English fashion designer, entrepreneur, and former model (born 1966)

Susie Cave ( Bick; born 16 September 1966) is an English fashion designer, entrepreneur, and former model and occasional actress. She co-founded the fashion label The Vampire's Wife.

==Early life==
Susie Bick was born in Cheshire, England, to a diplomat father. She spent her childhood in Malawi and Nigeria, and ran away from boarding school at age 14.

==Modelling career==
Bick was discovered by photographer Steven Meisel on a flight to New York at age 14.

She modelled for Yohji Yamamoto, Christian Dior, Nina Ricci, Tuscany perfume, Versace and Yves Saint Laurent. She appeared on the covers of French Glamour, Harper's & Queen, Elle UK, and i-D. She modelled for Vivienne Westwood for ten years.

She was the cover model on the Damned's 1985 album Phantasmagoria, photographed by Bob Carlos Clarke.

Bick gave up her modelling career when she met Nick Cave in 1997.

==The Vampire's Wife==
In 2014, Cave co-founded the fashion label The Vampire's Wife with Alex Adamson.

Their 'Falconetti' dress was deemed the "dress of the decade" by Vogue. The Vampire's Wife has been described as a "cult favourite" label. Celebrities who have worn the brand include Catherine, Princess of Wales, Princess Beatrice, Princess Sofia, Duchess of Varmland, Kate Moss, Keira Knightley, Florence Welch, Maya Rudolph, Sienna Miller, Ruth Negga, Kirsten Dunst, Alexa Chung, Daisy Lowe, Jenna Coleman, Thandiwe Newton, Zawe Ashton, Rachel Weisz, Margot Robbie, Jennifer Aniston, and Jodie Comer.

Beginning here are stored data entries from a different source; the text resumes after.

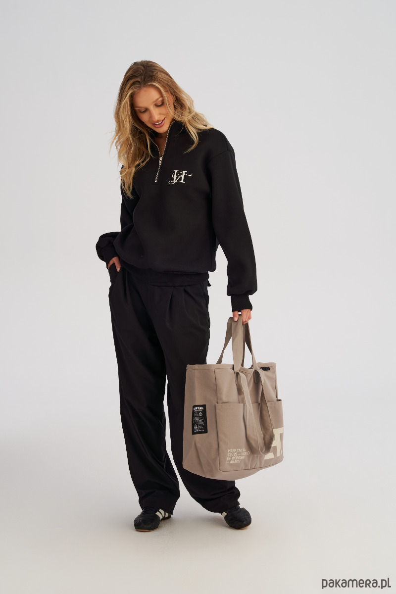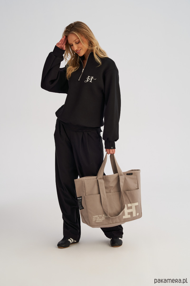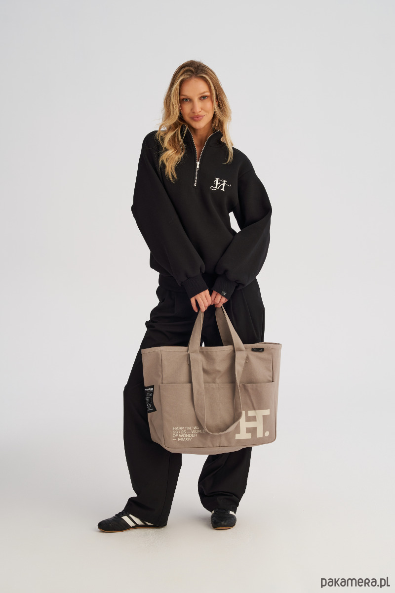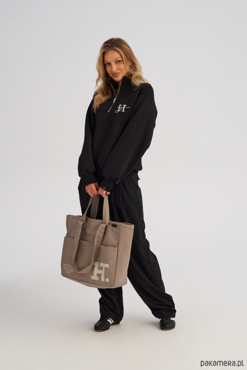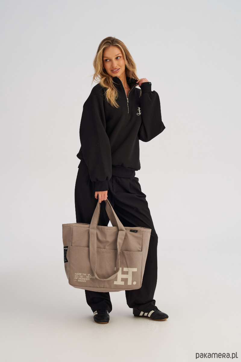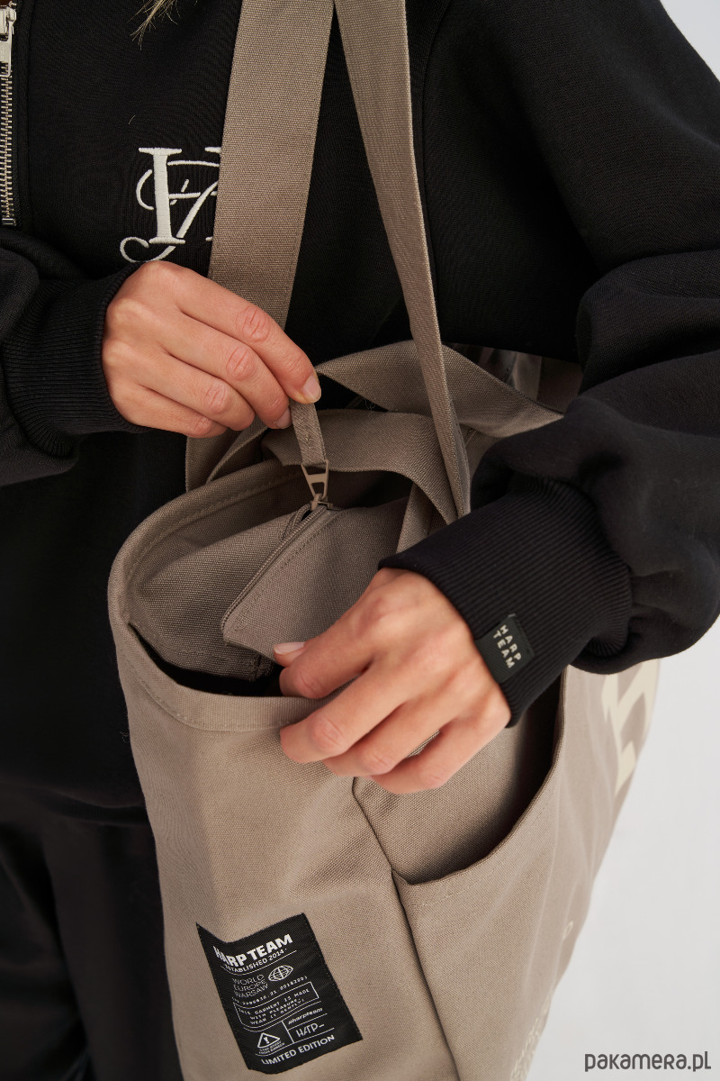 Dwa komplety uchwytów umożliwiają wygodne noszenie torby zarówno w dłoni, jak i na ramieniu, co czyni ją niezwykle wszechstronnym dodatkiem na co dzień. Front torby zdobi nadruk, a ozdobne metki nadają jej modowego charakteru.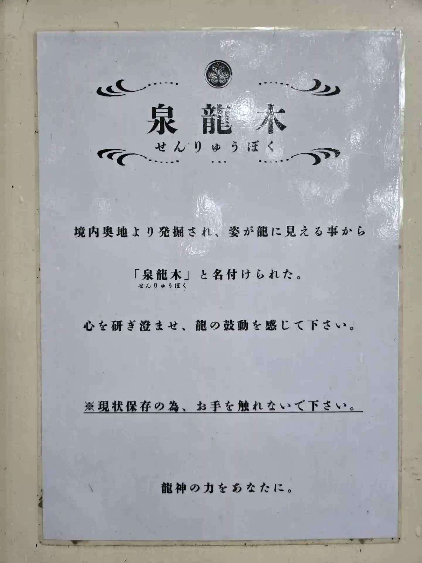 手を触れて龍神様のパワーをいただきました🐉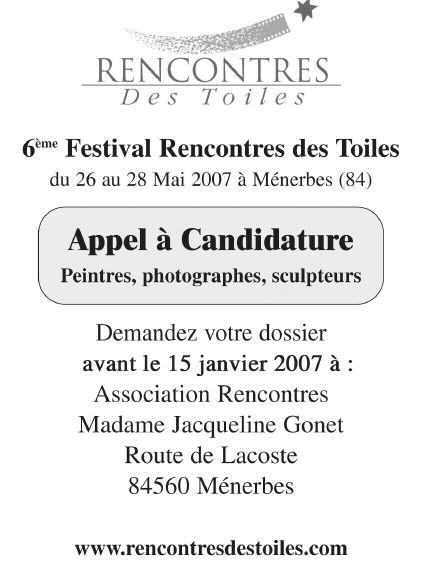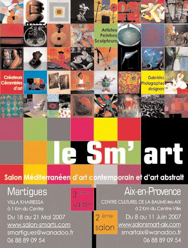 ,le Sm’art, 2ème Salon Méditerranéen d’art contemporain et d’art abstrait. Un rendez-vous unique avec l’art….une chance exceptionnelle de présenter ses œuvres à Aix-en-Provence. La présence des artistes, galeristes, peintres, sculpteurs, créateurs d’art, céramistes d’art, designers, plasticiens, véritables interlocuteurs des visiteurs (6450 en 2006).
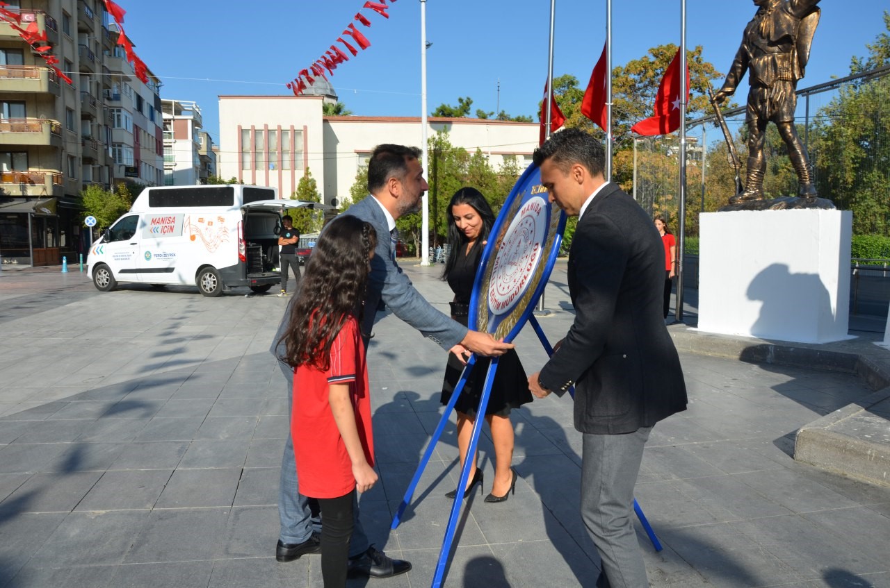 2024-2025 Eğitim Öğretim yılının açılışı ve İlköğretim Haftası Kutlaması ise Manisa İl Milli Eğitim Müdürü Mehmet Uğurelli tarafından Şehzadeler ilçesindeki Cumhuriyet Meydanında bulunan Atatürk ve Milli Egemenlik Anıtı’na çelenk sunulmasıyla başladı. Müdürlüğün çelengini öğrencilerle birlikte sunan Uğurelli, yeni eğitim öğretim yılının hayırlı olmasını diledi.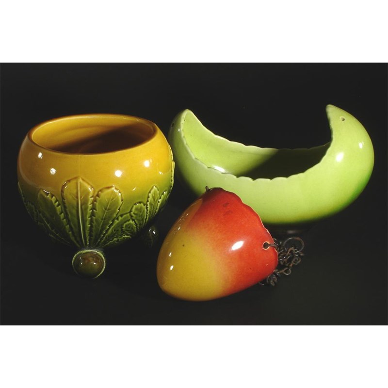 An Ault Pottery flower vase on three acorn ball feet and two other vases
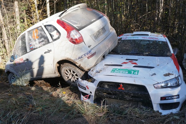 Сразу несколько экипажей вылетели в кювет на ралли в Псковской области

In 2024, the brand closed, after the collapse of Matchesfashion, one of their largest stockists.

==Personal life==
Nicky Clarke and Susie Bick were involved in a well-documented affair in the 1980s. Nicky and his wife Leslie parted after 20 years over his affair.

Bick met Australian musician Nick Cave in 1997; they married in 1999. Their twin sons, Arthur and Earl, were born in London in 2000 and raised in Brighton. She appeared on the cover of Cave's 2013 album Push the Sky Away.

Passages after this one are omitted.